Chapter Twenty - Daniel

CHAPTER TWENTY

Daniel

IT WAS A scene Daniel used to feel at ease in. Their friends had spent countless nights here—drinking, talking shit, decompressing after long weeks. The bar buzzed with its usual chorus of clinking glasses, half-shouted conversations, and bursts of laughter.

But now, it grated.

He’d called. Texted. Emailed.

And still—nothing.

He was tired of the silence.

Tired of her not answering.

The longer he went without seeing her, the more he could feel a mounting pressure in his chest that no amount of work or whiskey could dull.

She was mad. He got that.

But shutting him out completely? No conversation, no confrontation—just absence? It was bullshit.

He wanted to see her. He wanted her to see him . So he’d come tonight.

The moment he slid into their regular booth, he knew it wasn’t going to happen.

Hannah wasn’t here. But Mia and James were.

Most of the group greeted him warmly enough, their smiles easy, their voices the same. He could tell that they didn’t know. They had no idea that Hannah had left him, no idea what he’d done to cause it.

Mia and James knew. Mia’s lips pressed into a thin, unimpressed line before she turned her attention back to her drink. James leaned back in his seat with a protective arm around his wife. He looked like he was waiting for an excuse to throw another punch.

Daniel ignored the tension, lifting his beer to his lips, masking his irritation. This was ridiculous. He was the one who had been cut out of his own marriage, his own life.

The conversation moved around him, voices rising and falling, people coming and going. He wasn’t really listening until Steve turned to him with an easy grin.

“How about those gym gains?”

Daniel blinked. "What?"

Steve chuckled, shaking his head. "Hannah.
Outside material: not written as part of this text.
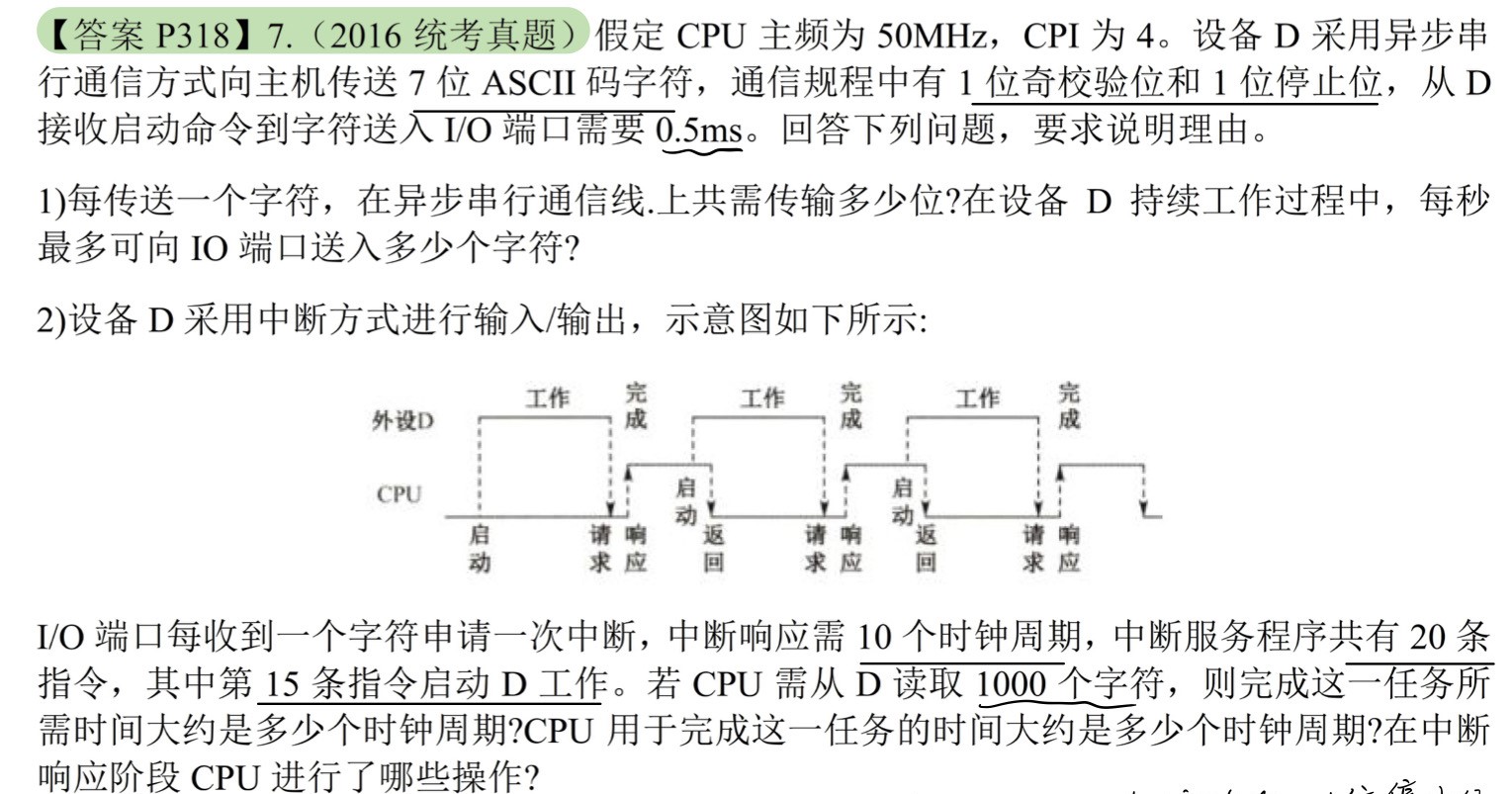 CPU用于B输入输出时间 = $40000\times500 = 2\times10^7$个时钟周期

Mia says she’s been hitting it hard. You must be all over that." He let out a low whistle. "Dude, I bet she looks insane .”

Daniel’s grip on his glass tightened.

The conversation kept going, but he barely heard it. The words Hannah and gym bounced around his head, his brain latching onto them like a hook under his ribs.

She was working out now?

Instead of answering Daniel’s calls, instead of letting him fix their relationship—she was turning it into some kind of personal glow-up.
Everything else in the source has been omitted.